1: Which statement is true?

Objective function in Linear Programming problems has always finite value at the optimal solution
A finite optimal solution can be not unique
Feasible regions are classified into bounded, unbounded, empty and multiple
Corner points of a feasible region are located at the intersections of the region and coordinate axes

2: Identify the type of the feasible region given by the set of inequalities

x - y <= 1
x - y >= 2

where both x and y are positive.

A triangle
A rectangle
An unbounded region
An empty region

3: Consider the given vectors: a(2,0), b(0,2), c(1,1), and d(0,3).

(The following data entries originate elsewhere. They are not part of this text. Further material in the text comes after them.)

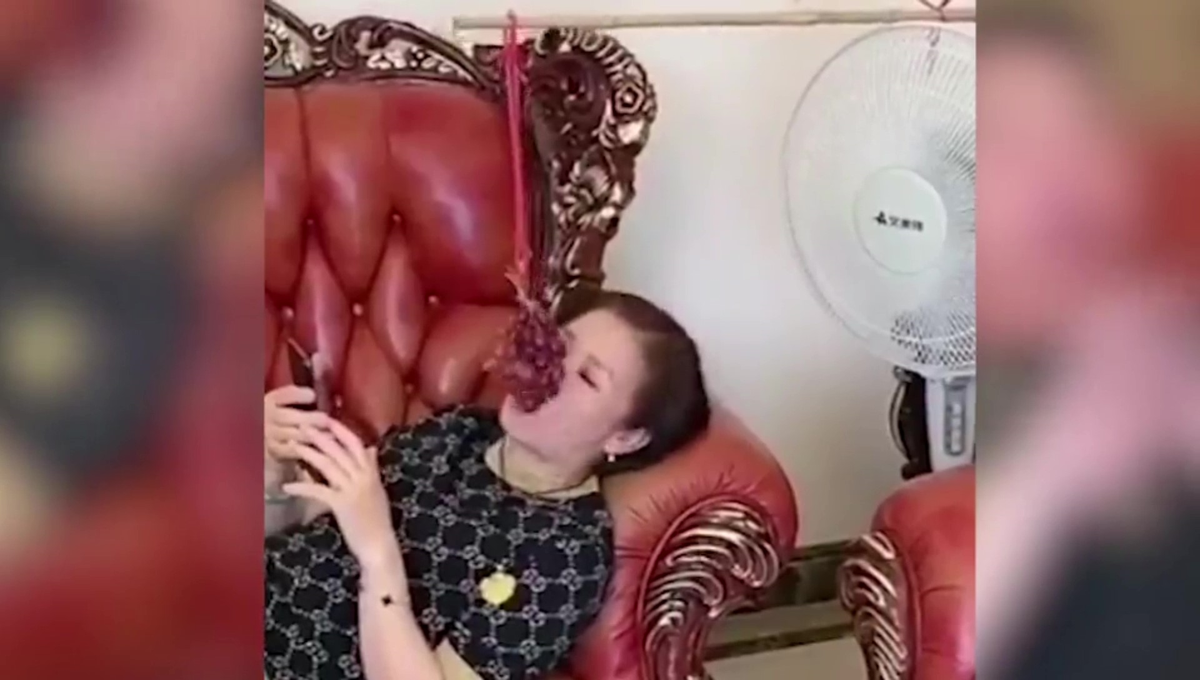 Để có thể vừa nằm lướt điện thoại bằng cả 2 tay vừa ăn nho, cặp vợ chồng nghĩ ra phương pháp cực kỳ "lầy".
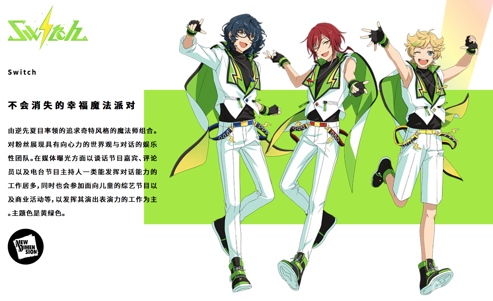 不会消失的幸福魔法派对 魔法师组合Switch音乐组合Switch隶属于事务所NEW DIMENSION,是由逆先夏目率领的追求奇特风格的魔法师组合。Switch对粉丝展现具有向心力的世界观与对话的娱乐性团队,奇特的风格吸引了一大批忠实的粉丝。
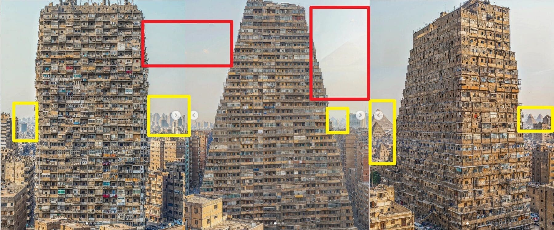 مثل التشوهات الواضحة في خلفية الصور، شكل المبنى السكني غير المنتظم وحجمه الضخم مقارنة بالأبنية حوله،
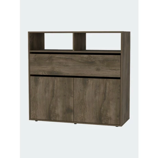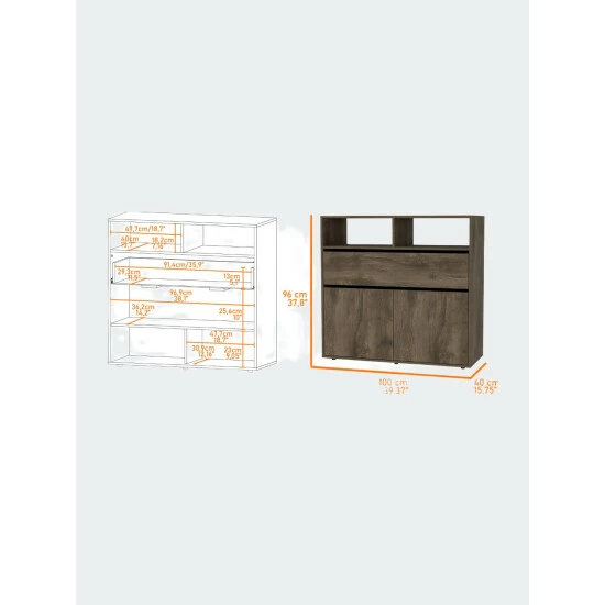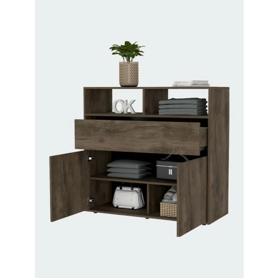 Gianna Dresser, this piece of furniture is the perfect size for any bedroom and provides ample storage for all your clothes, shoes, and accessories. It has one big drawer (5.1″ H x 11.5″ D x 35.9″ W) and a double door cabinet with interior shelves for more storage capacity. With its sleek lines and modern design, the Gianna Dresser will give any bedroom an instant style upgrade. Designed with elegant dark brown manufactured wood finish.
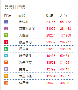 創綠家環保科技有限公司憑借著引進英國技術、自身研發的產品質量優勢,以及優質的治理團隊。在本屆室內除甲醛產品十大品牌的評選中,面對眾多在產品、技術以及服務上同樣出色的參選公司,創綠家卻最終贏得來自全國消費者的認可與好評。
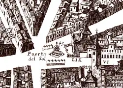 All these streets would end up having a common exit from the city in the gate that the people would call Puerta del Sol, which was located at the entrance of the current Calle Preciados (Cava del Arrabal). The description made by the documents of the time seems to give greater relevance to the Puerta de Guadalajara (located in the current Calle Mayor) to the detriment of the incipient "calle ancha" that would be the Puerta del Sol. To know the size of such a street, some chroniclers mention that the width of the gate barely exceeded that of two carriages.[14] Many of the historians of Madrid (as is the case of López de Hoyos) mention the Puerta del Sol, in medieval times, as a "transit, road and entrance to Madrid".[11]

Which of the following vectors are linearly independent?

a, b, and c are independent
a, b, and d are independent
a and c are independent
b and d are independent

4: Consider the linear equation

2 x₁ + 3 x₂ - 4 x₃ + 5 x₄ = 10

How many basic and non-basic variables are defined by this equation?

One variable is basic, three variables are non-basic
Two variables are basic, two variables are non-basic
Three variables are basic, one variable is non-basic
All four variables are basic

5: The objective function for a minimization problem is given by

z = 2 x₁ - 5 x₂ + 3 x₃

The hyperplane for the objective function cuts a bounded feasible region in the space (x₁,x₂,x₃). Find the direction vector d, where a finite optimal solution can be reached.

d(2,-5,3)
d(-2,5,-3)
d(2,5,3)
d(-2,-5,-3)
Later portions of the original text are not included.